Immer wieder begegne ich einer irritierenden Eigenart. Einer ärztlichen Eigenart. Diesmal bei einem gerade 18 Jahre alt gewordenen jungen Mann.

Alexander Ritter lernte ich kennen, kurz nach dem er volljährig geworden war. Er hat seit 5 Jahren einen Typ 1-Diabetes und muss seither Insulin spritzen. Bisher wurde er in der Ambulanz einer der Kinderkliniken in unserer Stadt betreut und wechselte nun zu mir in die Erwachsenenmedizin.
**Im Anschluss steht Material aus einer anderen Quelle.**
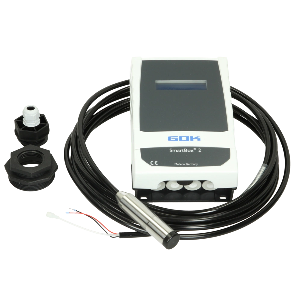 Display unit with 8-digit LCD, hydrostatic sensor (measurement accuracy 1%) with 6 m cable, mounting equipment
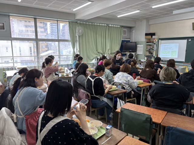 2月20日(金)、本校では初めての給食試食会を行いました。申し込み数も33名いました。
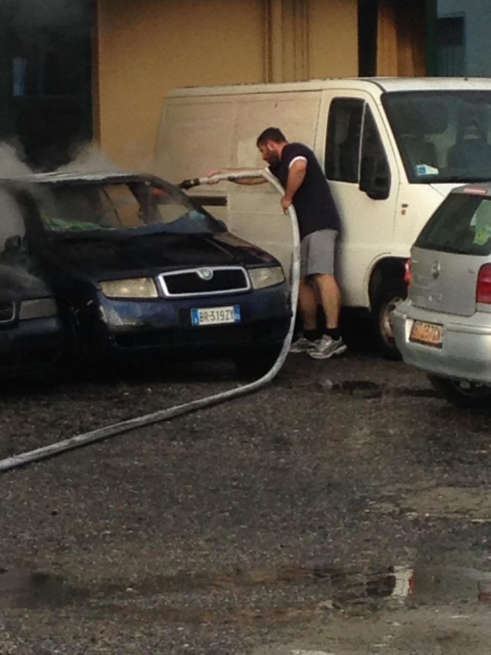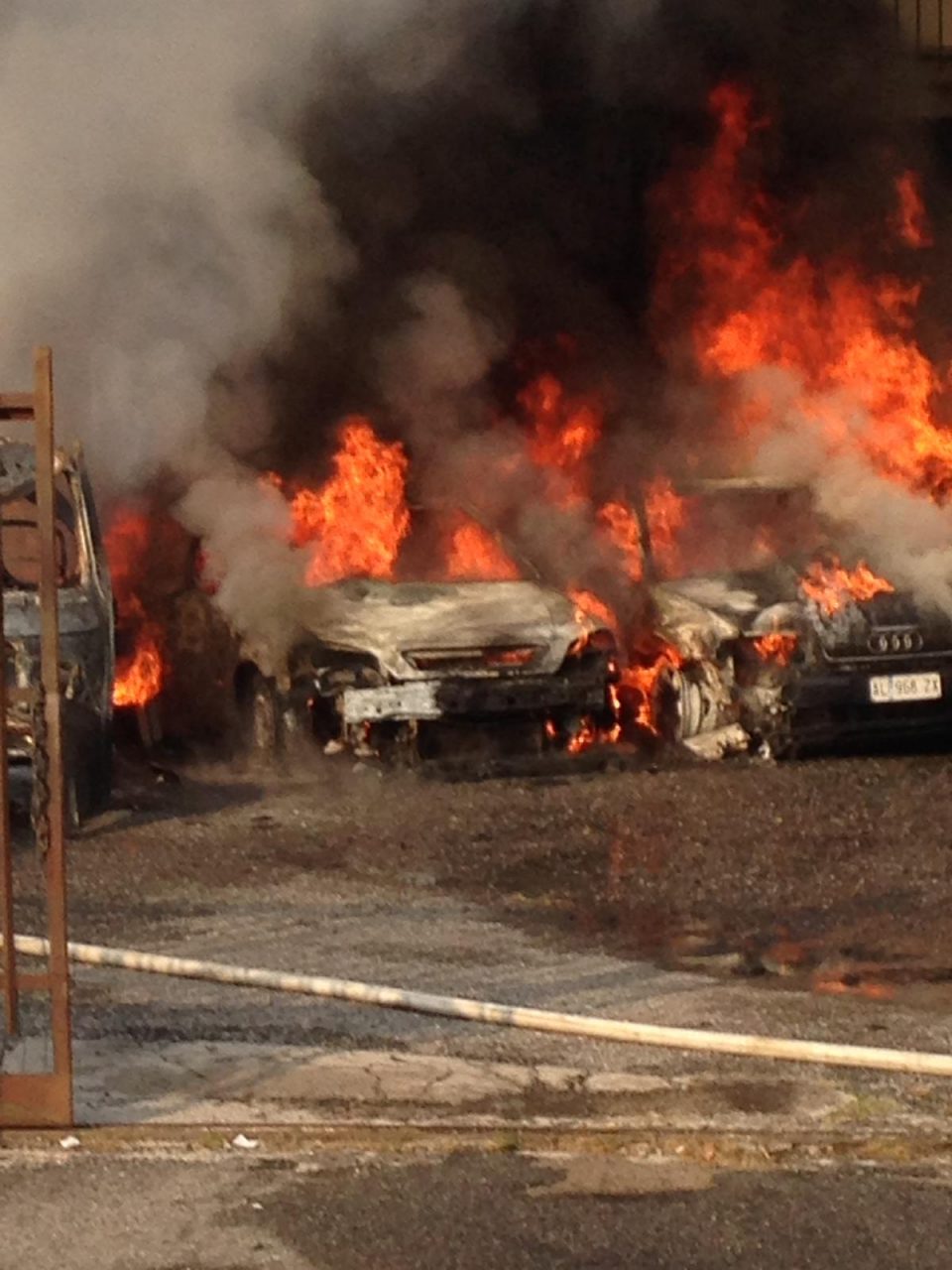 Si è sentita un’esplosione, poi una colonna di fumo nero si è levata tra Rovato e Cazzago fino all’autostrada. Quattro autovetture si sono incendiate nel cortile di un’officina. E’ successo alle 17 circa e subito è scattata la chiamata ai Vigili del fuoco. Un pompiere in borghese che si trovava nelle vicinanze è intervenuto subito e, dopo aver preso una canna dell’acqua dal vicino colorificio ha cominciato a spegnere le fiamme. L’aria intorno all’officina è irrespirabile, mentre sul posto si stanno dirigendo i Vigili del fuoco di Brescia, Chiari e Palazzolo per mettere in sicurezza l’area.

Typ 1-Diabetes ist eine relativ seltene Erkrankung. In Deutschland sind ca. 350.000 Menschen davon betroffen. Das sind 0,4 % der Bevölkerung. Bei ihnen fällt innerhalb von wenigen Wochen die Insulinproduktion vollständig aus, und sie sind ab dann auf Insulin-Injektionen angewiesen.
Der Typ 1-Diabetes tritt bevorzugt im Kinder- und Jugendalter auf. Die größte Erkrankungshäufigkeit liegt im Alter zwischen 10 und 14 Jahren.
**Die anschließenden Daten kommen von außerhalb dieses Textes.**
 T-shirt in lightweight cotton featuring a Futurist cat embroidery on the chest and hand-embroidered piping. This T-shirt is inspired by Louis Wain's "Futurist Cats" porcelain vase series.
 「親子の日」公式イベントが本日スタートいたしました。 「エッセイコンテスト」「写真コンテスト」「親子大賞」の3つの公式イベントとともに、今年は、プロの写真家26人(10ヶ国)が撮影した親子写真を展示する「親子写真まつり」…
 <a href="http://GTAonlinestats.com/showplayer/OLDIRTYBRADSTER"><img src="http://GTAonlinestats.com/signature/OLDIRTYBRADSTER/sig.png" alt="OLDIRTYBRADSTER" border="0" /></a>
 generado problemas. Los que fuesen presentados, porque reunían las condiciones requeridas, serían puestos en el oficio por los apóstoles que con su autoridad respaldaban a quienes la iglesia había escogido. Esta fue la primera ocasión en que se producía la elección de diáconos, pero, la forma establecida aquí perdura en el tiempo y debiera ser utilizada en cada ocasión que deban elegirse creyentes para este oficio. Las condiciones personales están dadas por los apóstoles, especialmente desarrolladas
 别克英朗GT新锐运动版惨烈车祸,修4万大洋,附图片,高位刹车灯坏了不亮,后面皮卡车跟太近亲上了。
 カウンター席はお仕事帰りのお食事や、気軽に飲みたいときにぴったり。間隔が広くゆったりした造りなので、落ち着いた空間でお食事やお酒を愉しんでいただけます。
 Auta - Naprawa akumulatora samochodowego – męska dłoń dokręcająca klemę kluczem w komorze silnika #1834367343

Genau so war es auch bei Alexander Ritter gewesen. Er war dreizehn Jahre alt, als er heftigen Durst bemerkte, häufig zum Wasser lassen auf die Toilette musste und ungewollt Gewicht verloren hatte. Er war müde und kraftlos geworden. Beim Kinderarzt war die Diagnose gleich gestellt worden, und in der Kinderklinik wurde noch am selben Tag mit einer Insulintherapie begonnen. Für Alexander war die Insulinbehandlung zwar nervig, aber er war froh, dass die schweren Symptome schnell verschwunden waren und er sich wieder fit fühlte.

Innerhalb von 5 Jahren war Alexander die Diabetesbehandlung zur Gewohnheit geworden, und er kam gut damit zurecht. Zu seinem ersten Termin bei mir hatte er seine Befunde mitgebracht. Bei seinen Ambulanz-Terminen im Krankenhaus waren mehrfach leicht erhöhte Blutdruckwerte gemessen worden. Es wurde dort der Verdacht auf einen Bluthochdruck geäußert. Die Untersuchung bei einem Kinder-Kardiologen sollte die Klärung geben.
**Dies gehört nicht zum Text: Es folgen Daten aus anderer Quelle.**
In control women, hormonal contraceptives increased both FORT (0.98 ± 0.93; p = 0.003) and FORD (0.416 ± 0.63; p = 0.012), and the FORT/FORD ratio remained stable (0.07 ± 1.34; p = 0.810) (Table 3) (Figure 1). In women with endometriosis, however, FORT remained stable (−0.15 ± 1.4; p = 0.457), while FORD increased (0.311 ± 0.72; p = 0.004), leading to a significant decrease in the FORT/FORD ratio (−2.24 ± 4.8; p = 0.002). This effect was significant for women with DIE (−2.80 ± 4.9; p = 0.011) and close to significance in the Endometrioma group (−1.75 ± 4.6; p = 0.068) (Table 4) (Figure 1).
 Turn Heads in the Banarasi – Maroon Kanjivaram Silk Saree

Bluthochdruck ist typischerweise eine Erkrankung von älteren Menschen. Bei Kindern oder Jugendlichen ist er eine Rarität. Meist ist er dann die Folge einer anderen Erkrankung. Häufig einer Nierenerkrankung.

Im Bericht des Kinder-Kardiologen fand sich das Ergebnis einer 24 Stunden-Blutdruckmessung. Der Blutdruck war über die gesamte Zeit normal gewesen, mit einer Tendenz zu niedrig-normalen Werten. Nach den Regeln der ärztlichen Kunst war mit dieser Untersuchung ein Bluthochdruck ausgeschlossen worden.
Dennoch enthielt der Arztbrief des Kinder-Kardiologen auf der ersten Seite die Verdachtsdiagnose auf einen Bluthochdruck.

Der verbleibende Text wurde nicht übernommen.